ValueError: Exception encountered when calling ECCConv.call()

[PabloExperimental]

Hi,
I was launching on Colab this example but it failed. I guess it's the compatibility to new version of Keras.

• Requirements

pip install spektral ogb

• Pyton script

"""
This example shows how to perform molecule classification with the
[Open Graph Benchmark](https://ogb.stanford.edu) `mol-hiv` dataset, using a
simple ECC-based GNN in disjoint mode. The model does not perform really well
but should give you a starting point if you want to implement a more
sophisticated one.
"""

import numpy as np
import tensorflow as tf
from ogb.graphproppred import Evaluator, GraphPropPredDataset
from tensorflow.keras.layers import Dense, Input
from tensorflow.keras.losses import BinaryCrossentropy
from tensorflow.keras.models import Model
from tensorflow.keras.optimizers import Adam

from spektral.data import DisjointLoader
from spektral.datasets import OGB
from spektral.layers import ECCConv, GlobalSumPool

################################################################################
# Config
################################################################################
learning_rate = 1e-3  # Learning rate
epochs = 10  # Number of training epochs
batch_size = 32  # Batch size

################################################################################
# Load data
################################################################################
dataset_name = "ogbg-molhiv"
ogb_dataset = GraphPropPredDataset(name=dataset_name)
dataset = OGB(ogb_dataset)

# Parameters
F = dataset.n_node_features  # Dimension of node features
S = dataset.n_edge_features  # Dimension of edge features
n_out = dataset.n_labels  # Dimension of the target

# Train/test split
idx = ogb_dataset.get_idx_split()
idx_tr, idx_va, idx_te = idx["train"], idx["valid"], idx["test"]
dataset_tr = dataset[idx_tr]
dataset_va = dataset[idx_va]
dataset_te = dataset[idx_te]

loader_tr = DisjointLoader(dataset_tr, batch_size=batch_size, epochs=epochs)
loader_te = DisjointLoader(dataset_te, batch_size=batch_size, epochs=1)

################################################################################
# Build model
################################################################################
X_in = Input(shape=(F,))
A_in = Input(shape=(None,), sparse=True)
E_in = Input(shape=(S,))
I_in = Input(shape=(), dtype=tf.int64)

X_1 = ECCConv(32, activation="relu")([X_in, A_in, E_in])
X_2 = ECCConv(32, activation="relu")([X_1, A_in, E_in])
X_3 = GlobalSumPool()([X_2, I_in])
output = Dense(n_out, activation="sigmoid")(X_3)

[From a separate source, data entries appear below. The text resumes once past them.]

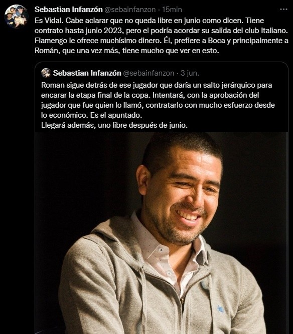 Por su parte, el periodista partidario Sebastián Infanzón dio algunos detalles más sobre la situación de Vidal y las intenciones del consejo de fútbol. “Román habla con él hace meses. Habló con él en Europa. Bermúdez y Cascini hablaron con él esta semana. Boca haría un esfuerzo grande desde lo económico y la negociación es 100% real y viable”, indicó.
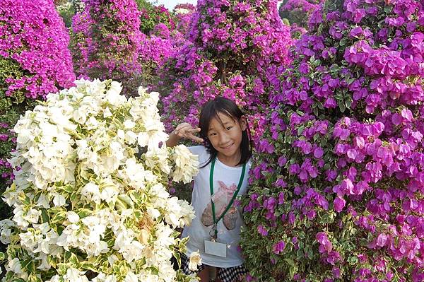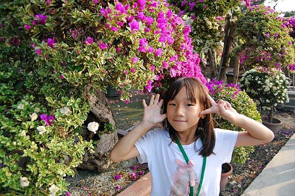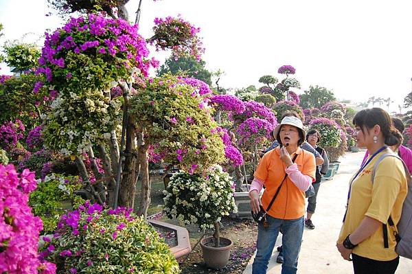 在導覽人員的解說之下你可發現有些九重葛盆栽可是還有將它塑形成各式的動物隱身在裡頭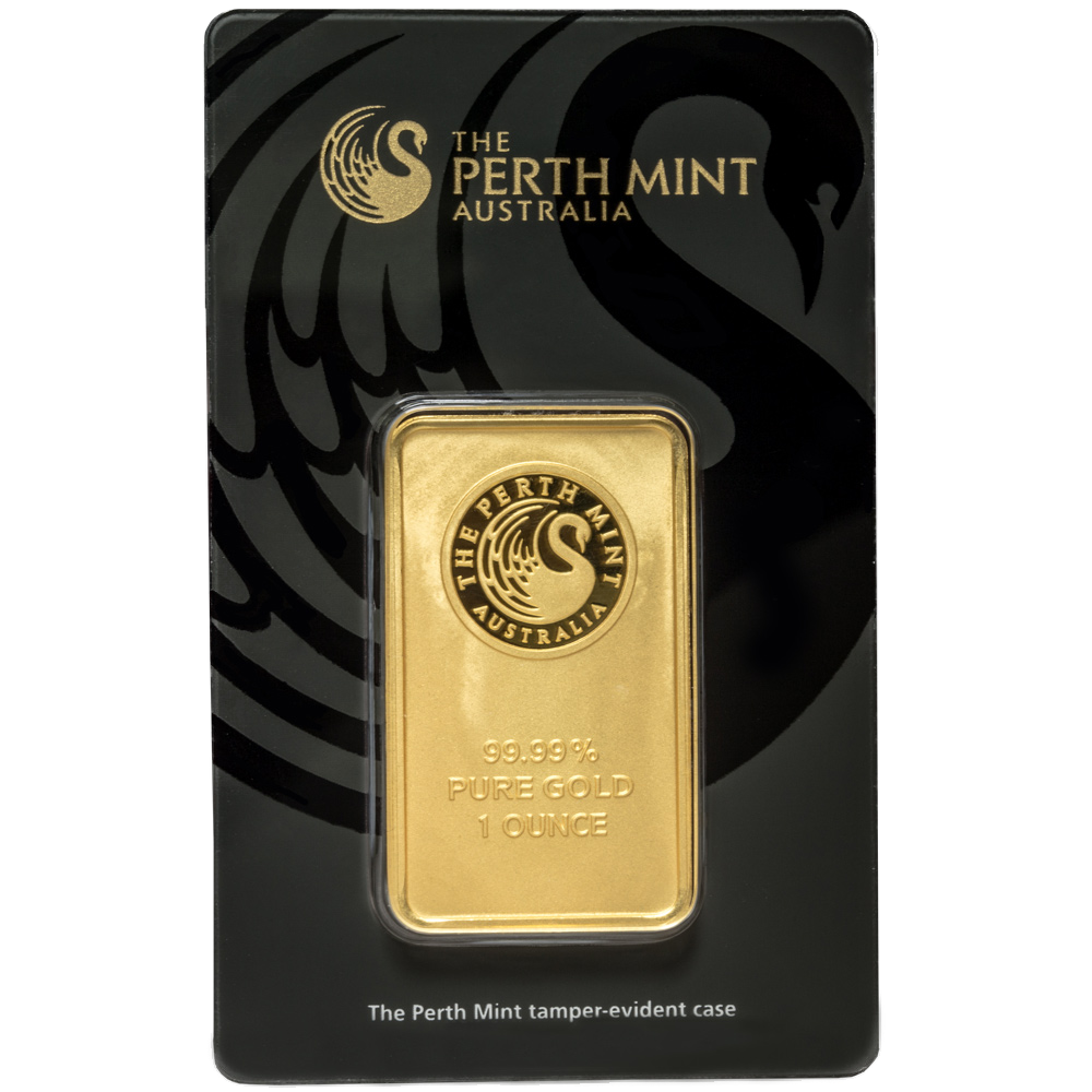 Recognized for the remarkable quality of their gold products, the Perth Mint is the oldest currently operating mint facility in Australia. The 1-ounce Perth Mint Gold Bars are IRA approved with a gold purity of .9999 and guaranteed by the Commonwealth Government of Australia. To ensure security and guarantee authenticity, each bar is packaged and sealed in a Perth Mint tamper-evident assay card, which includes a unique designated bar number and the signature of the chief assayer. In the upper half of the bar’s obverse, a circular stamp declares “The Perth Mint” across the top with “Australia” nestled on the bottom of the ring. The swan of The Perth Mint logo sits ensconced in the center of these words. On the lower half of the obverse, the bar’s purity, metal content, and weight are identified in raised lettering. A lipped edge rims the rectangle on both faces. Patterned across the matte gold of the reverse is the well-known Australian Kangaroo in high-shine, positioned toe-to-tail in diagonal lines.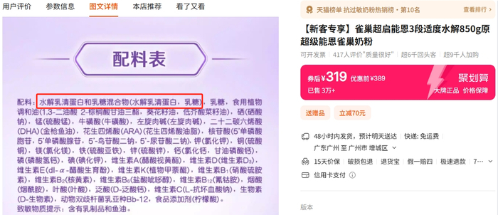 对比之下,在特医婴配适度水解蛋白奶粉的配料表中,水解蛋白成分均处于靠前位置。如雀巢超启能恩3段(1-3岁)适度水解蛋白奶粉,水解乳清蛋白和乳糖混合物排在配料表首位。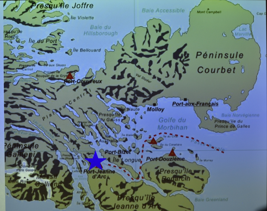 7.3.: Morgens um 6:00 gehts los mit der Landschaftsbetrachtung vom Schiff aus. Nachdem wir einen Teil der Strecke mit dem großen Zodiac vorweg gelotet haben, weil nicht kartiert, erreichen wir gegen 10:00 Porte Jeanne d'Arc. Die erste Gruppe fährt gegen 11:00 mit den Zodiacs an Land. Da hier nur 60 Leute gleichzeitig an Land dürfen, sind wir erst um 14:00 dran. Die Navigation zwischen den Inseln dürfte dem Kapitän einige Seemannskunst abverlangen, sind wir doch das erste Passagierschiff überhaupt in diesen Gewässern. Bis zur Covid-Epidemie konnten auf dem Versorgungsschiff Marion Dufresne 8 Paxe mitfahren, seitdem nicht mehr. Die Kerguelen sind 1772 vom Franzosen Yves Joseph de Kerguelen deTremarec entdeckt worden. Sie haben den Spitznamen Islands of Desolation. Sie sind ca. 4.000 km von Australien, 3.800 km von Südafrika und 2.000 km von der Antarktis entfernt.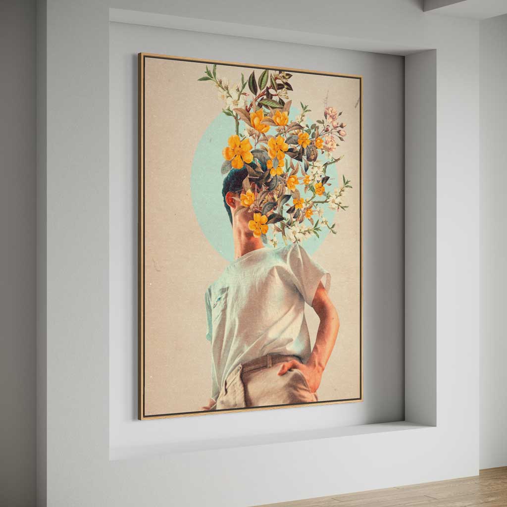 leading art fairs: in a wooden gallery frame with a shadow gap. There is a 10 mm wide shadow gap between your acrylic glass artwork with aluminum carrier plate and the frame strip - this makes the artwork appear to float in the wooden frame.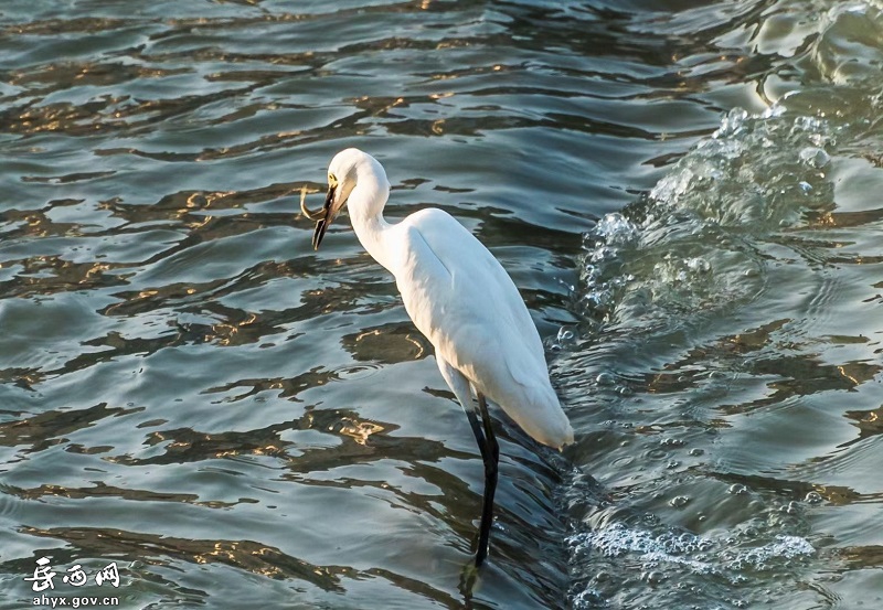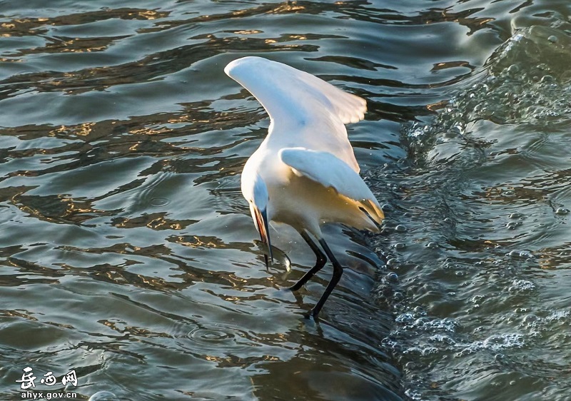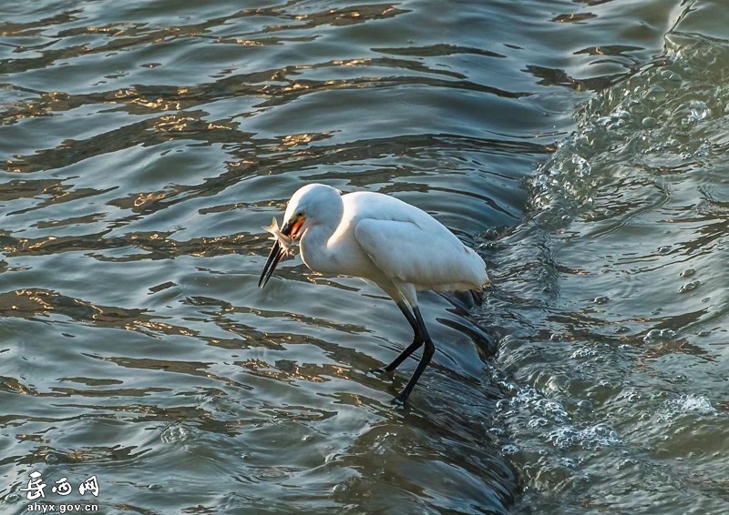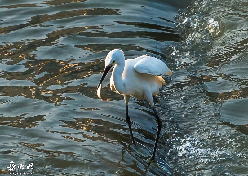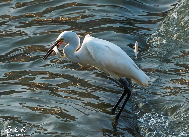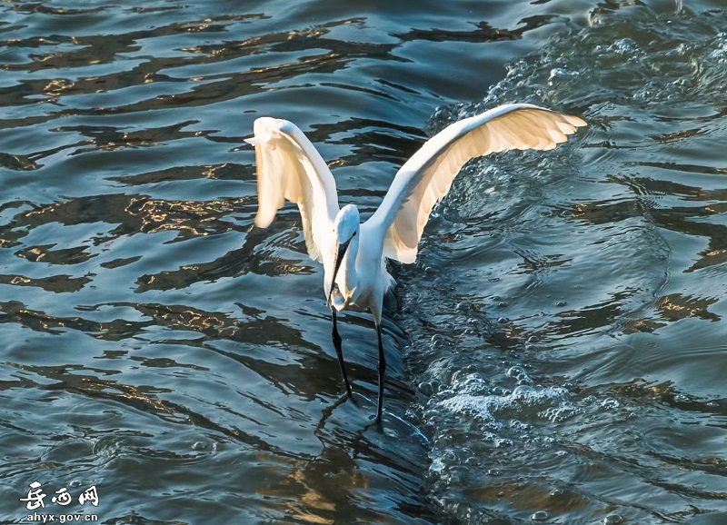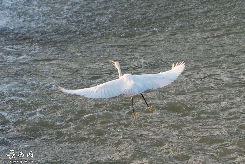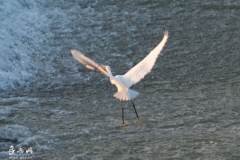 安徽省岳西县天堂镇衙前河边成群的白鹭或展翅起舞,或追逐嬉戏,或闲庭信步,或栖息觅食,构成了一幅美丽的生态画卷。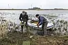 Naturschutzspezialist Jesper Tofft (links) und Karl Benne von der Kommune Tondern haben Donnerstag zehn Brutflöße für seltene Trauerseeschwalben auf dem Bremsbüller See verankert.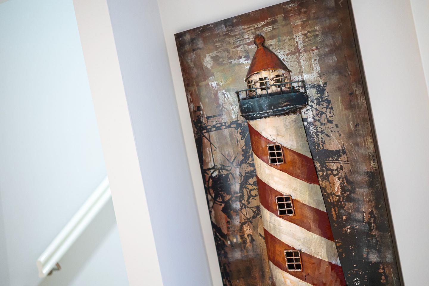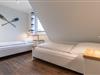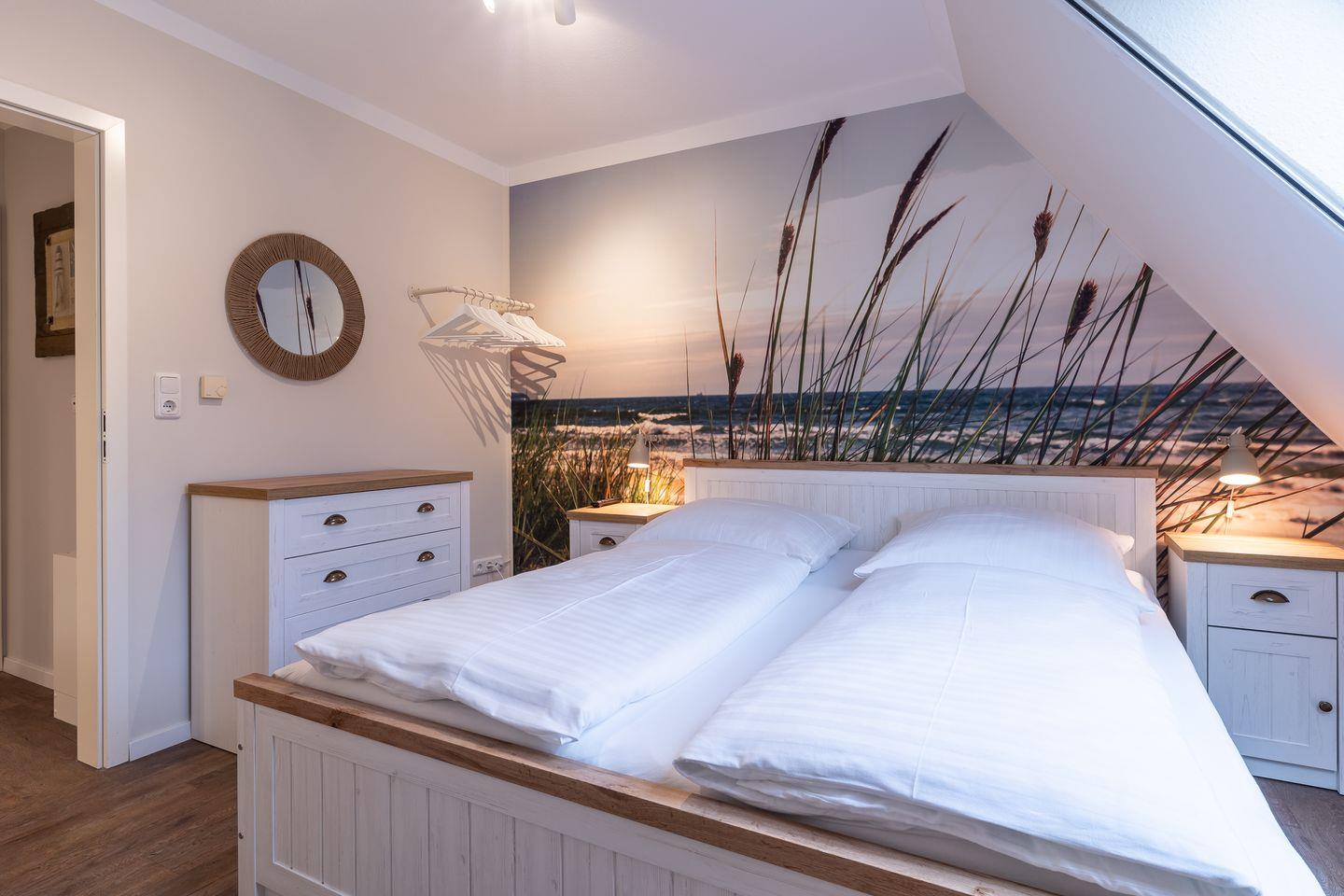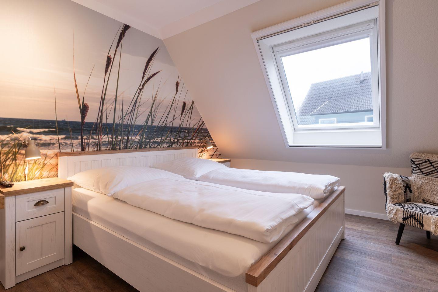Obergeschoss: 2 Schlafräume (1 Doppelbett + TV, 2 Einzelbetten).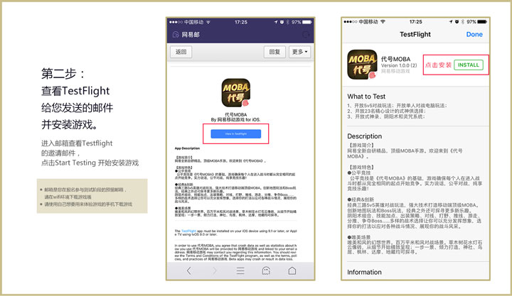第二步:查看TestFlight给您发送的邮件并安装游戏。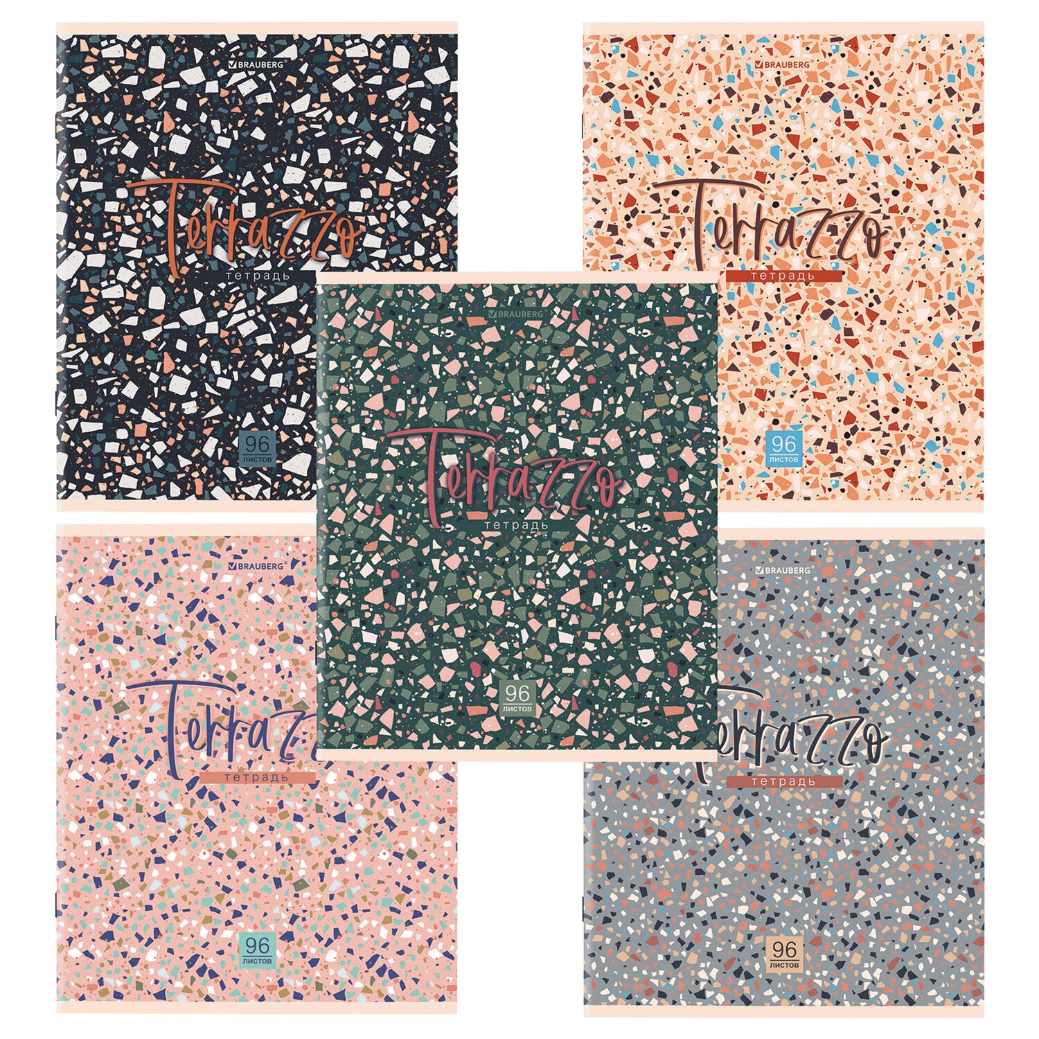 Тетрадь А5 96 л. BRAUBERG скоба, клетка, обложка картон, "Terrazzo" (микс в спайке), 404437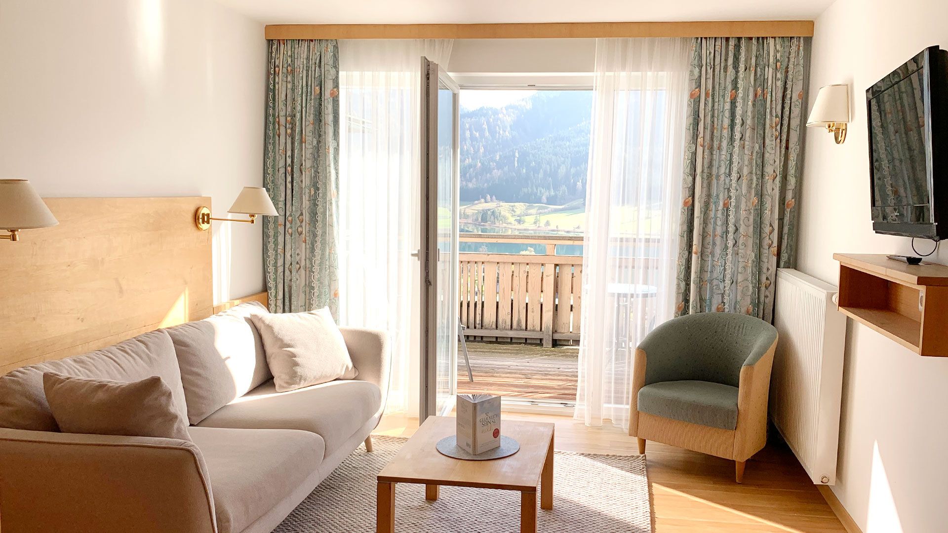 Genießen Sie die wohltuenden Facetten im Vitalbereich mit finnischer Sauna, Bergkräutersauna, Tepidarium im Winter und Außen Zuber mit Quellwasser. Der Panoramaruheraum gibt den Blick auf den Weissensee frei.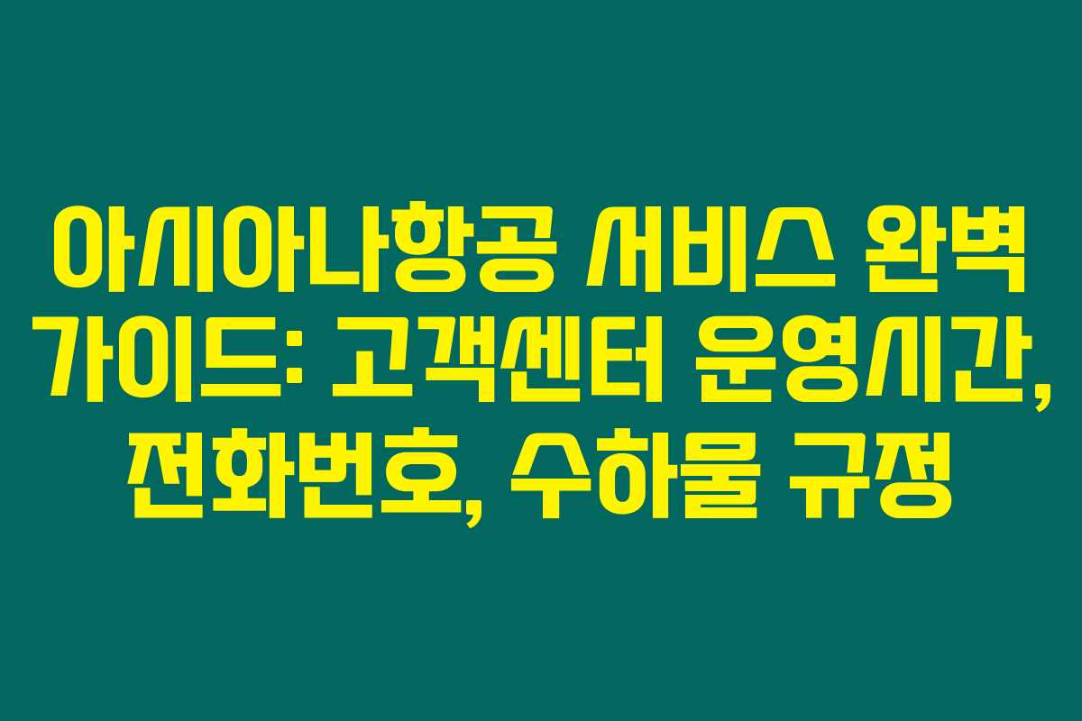 여행을 준비하면서 아시아나항공에 대한 정보가 필요하신가요? 아시아나항공의 고객센터 운영시간, 전화번호, 그리고 복잡한 수하물 규정에 대해 천천히 살펴보겠습니다. 아래를 읽어보시면 특히 수하물 규정이 국제선과 국내선에서 어떻게 다른지, 체크인 시 주의해야 할 점 등 유용한 정보를 확인할 수 있어요.

model = Model(inputs=[X_in, A_in, E_in, I_in], outputs=output)
optimizer = Adam(learning_rate)
loss_fn = BinaryCrossentropy()


################################################################################
# Fit model
################################################################################
@tf.function(input_signature=loader_tr.tf_signature(), experimental_relax_shapes=True)
def train_step(inputs, target):
    with tf.GradientTape() as tape:
        predictions = model(inputs, training=True)
        loss = loss_fn(target, predictions) + sum(model.losses)
    gradients = tape.gradient(loss, model.trainable_variables)
    optimizer.apply_gradients(zip(gradients, model.trainable_variables))
    return loss


step = loss = 0
for batch in loader_tr:
    step += 1
    loss += train_step(*batch)
    if step == loader_tr.steps_per_epoch:
        step = 0
        print("Loss: {}".format(loss / loader_tr.steps_per_epoch))
        loss = 0

################################################################################
# Evaluate model
################################################################################
print("Testing model")
evaluator = Evaluator(name=dataset_name)
y_true = []
y_pred = []
for batch in loader_te:
    inputs, target = batch
    p = model(inputs, training=False)
    y_true.append(target)
    y_pred.append(p.numpy())

y_true = np.vstack(y_true)
y_pred = np.vstack(y_pred)
model_loss = loss_fn(y_true, y_pred)
ogb_score = evaluator.eval({"y_true": y_true, "y_pred": y_pred})

print(
    "Done. Test loss: {:.4f}. ROC-AUC: {:.2f}".format(model_loss, ogb_score["rocauc"])
)

• Output

Downloaded 0.00 GB: 100%|██████████| 3/3 [00:00<00:00,  9.52it/s]
Extracting dataset/hiv.zip
Loading necessary files...
This might take a while.
Processing graphs...
100%|██████████| 41127/41127 [00:00<00:00, 76593.16it/s]
Saving...
---------------------------------------------------------------------------
ValueError                                Traceback (most recent call last)
[<ipython-input-4-b0b760cf36bc>](https://localhost:8080/#) in <cell line: 58>()
     56 I_in = Input(shape=(), dtype=tf.int64)
     57 
---> 58 X_1 = ECCConv(32, activation="relu")([X_in, A_in, E_in])
     59 X_2 = ECCConv(32, activation="relu")([X_1, A_in, E_in])
     60 X_3 = GlobalSumPool()([X_2, I_in])

2 frames
[/usr/local/lib/python3.10/dist-packages/spektral/layers/convolutional/ecc_conv.py](https://localhost:8080/#) in call(self, inputs, mask)
    181             output = K.bias_add(output, self.bias)
    182         if mask is not None:
--> 183             output *= mask[0]
    184         output = self.activation(output)
    185 

ValueError: Exception encountered when calling ECCConv.call().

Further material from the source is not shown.